Provided information -

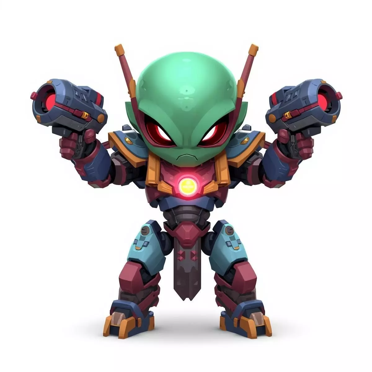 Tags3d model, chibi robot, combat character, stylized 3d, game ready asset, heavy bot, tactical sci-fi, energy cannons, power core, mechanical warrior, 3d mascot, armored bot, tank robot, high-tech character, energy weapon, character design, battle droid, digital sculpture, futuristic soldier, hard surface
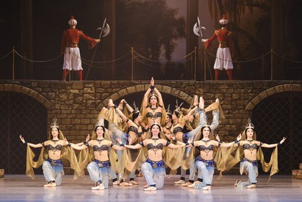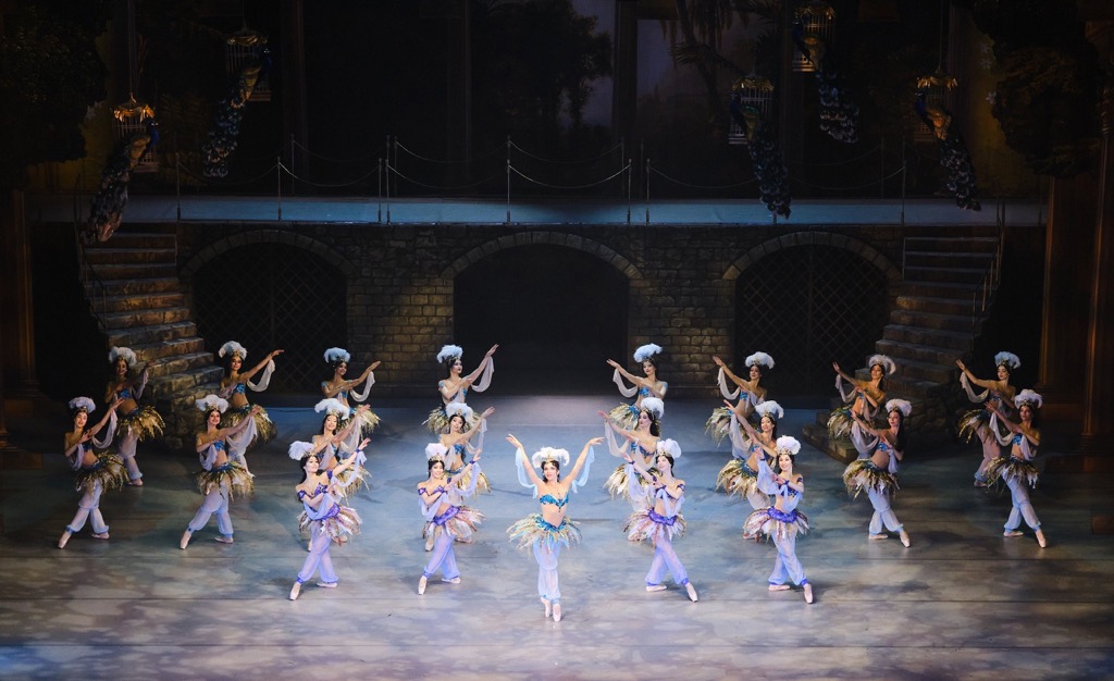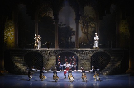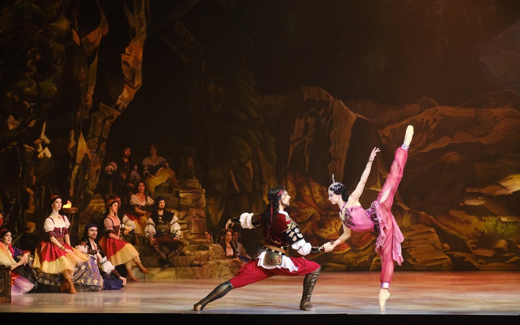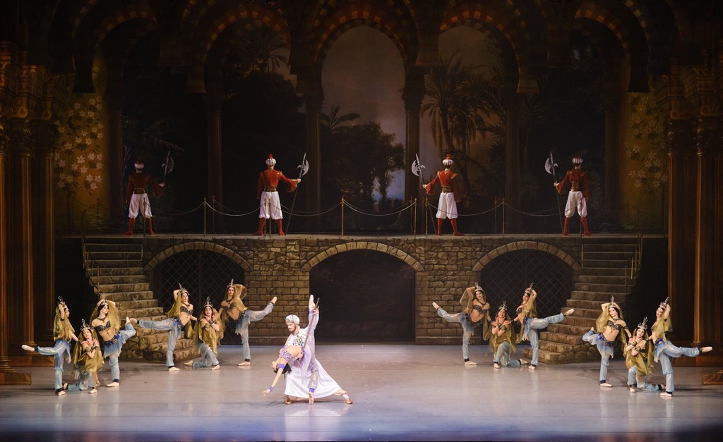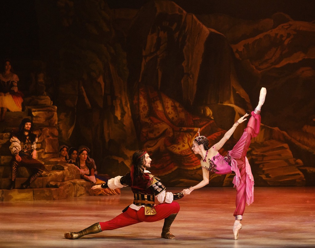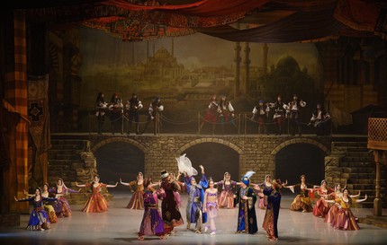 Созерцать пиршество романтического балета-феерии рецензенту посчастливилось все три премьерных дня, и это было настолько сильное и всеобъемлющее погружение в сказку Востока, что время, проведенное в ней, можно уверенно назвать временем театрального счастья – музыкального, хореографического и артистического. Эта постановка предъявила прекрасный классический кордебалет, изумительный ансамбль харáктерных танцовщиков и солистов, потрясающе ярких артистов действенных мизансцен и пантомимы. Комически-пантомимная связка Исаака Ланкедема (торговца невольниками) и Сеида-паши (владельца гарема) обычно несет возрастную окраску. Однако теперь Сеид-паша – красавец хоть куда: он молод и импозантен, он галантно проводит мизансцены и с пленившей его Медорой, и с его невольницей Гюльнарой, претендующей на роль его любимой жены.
---
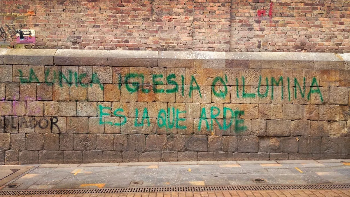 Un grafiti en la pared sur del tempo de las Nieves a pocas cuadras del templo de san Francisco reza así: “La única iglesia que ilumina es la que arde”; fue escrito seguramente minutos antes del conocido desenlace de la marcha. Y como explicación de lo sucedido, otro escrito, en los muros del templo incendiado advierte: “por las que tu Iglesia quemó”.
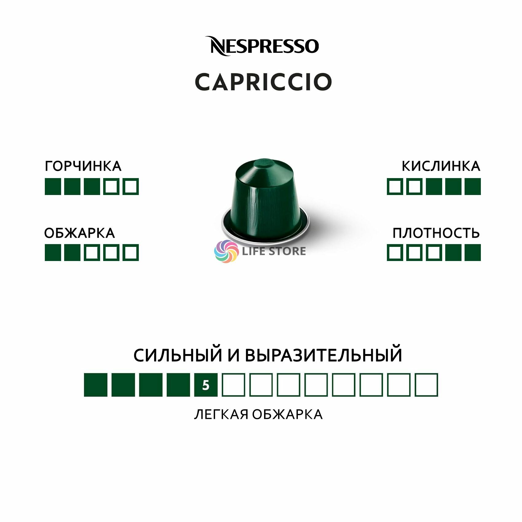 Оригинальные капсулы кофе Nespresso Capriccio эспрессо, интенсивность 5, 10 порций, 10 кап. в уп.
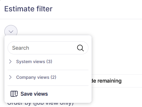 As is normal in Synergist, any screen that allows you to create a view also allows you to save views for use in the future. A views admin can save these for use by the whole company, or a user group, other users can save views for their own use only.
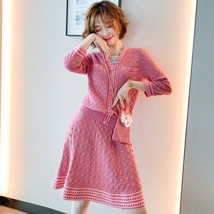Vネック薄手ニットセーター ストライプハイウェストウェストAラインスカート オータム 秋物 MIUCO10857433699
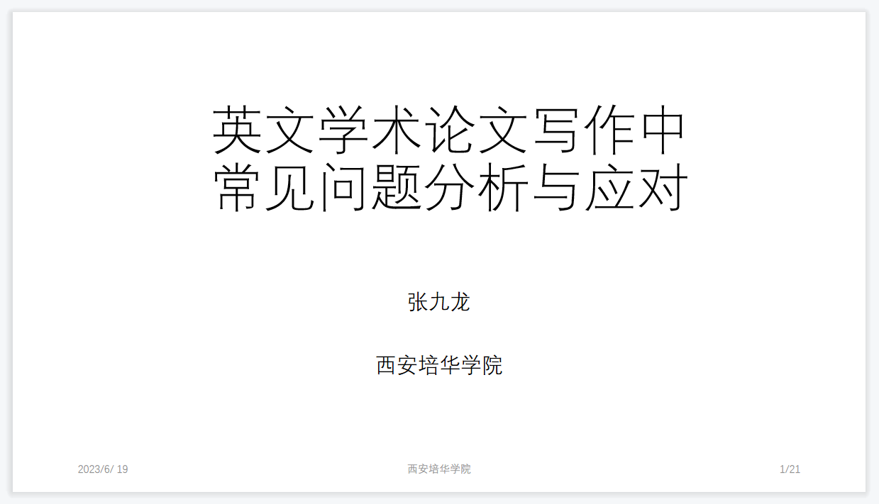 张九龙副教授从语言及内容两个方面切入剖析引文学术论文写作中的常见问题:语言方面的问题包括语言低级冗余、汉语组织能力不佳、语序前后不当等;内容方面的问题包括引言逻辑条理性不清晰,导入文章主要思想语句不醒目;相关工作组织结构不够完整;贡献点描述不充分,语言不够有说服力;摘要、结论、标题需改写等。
==
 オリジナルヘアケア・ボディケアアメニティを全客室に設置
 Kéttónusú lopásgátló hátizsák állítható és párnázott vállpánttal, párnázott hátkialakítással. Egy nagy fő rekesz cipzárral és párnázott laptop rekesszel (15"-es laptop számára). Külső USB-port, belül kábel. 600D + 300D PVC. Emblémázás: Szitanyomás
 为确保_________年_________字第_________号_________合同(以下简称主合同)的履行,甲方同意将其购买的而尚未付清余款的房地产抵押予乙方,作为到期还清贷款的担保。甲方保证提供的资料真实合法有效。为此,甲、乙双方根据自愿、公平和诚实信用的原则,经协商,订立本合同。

Task requirements - Your answer should be the exact lines above from the one with "Kéttónusú lopásgátló hátizsák" through the one with "为确保_________年_________字第____", both included, and nothing besides.

Exercise answer -
 Kéttónusú lopásgátló hátizsák állítható és párnázott vállpánttal, párnázott hátkialakítással. Egy nagy fő rekesz cipzárral és párnázott laptop rekesszel (15"-es laptop számára). Külső USB-port, belül kábel. 600D + 300D PVC. Emblémázás: Szitanyomás
 为确保_________年_________字第_________号_________合同(以下简称主合同)的履行,甲方同意将其购买的而尚未付清余款的房地产抵押予乙方,作为到期还清贷款的担保。甲方保证提供的资料真实合法有效。为此,甲、乙双方根据自愿、公平和诚实信用的原则,经协商,订立本合同。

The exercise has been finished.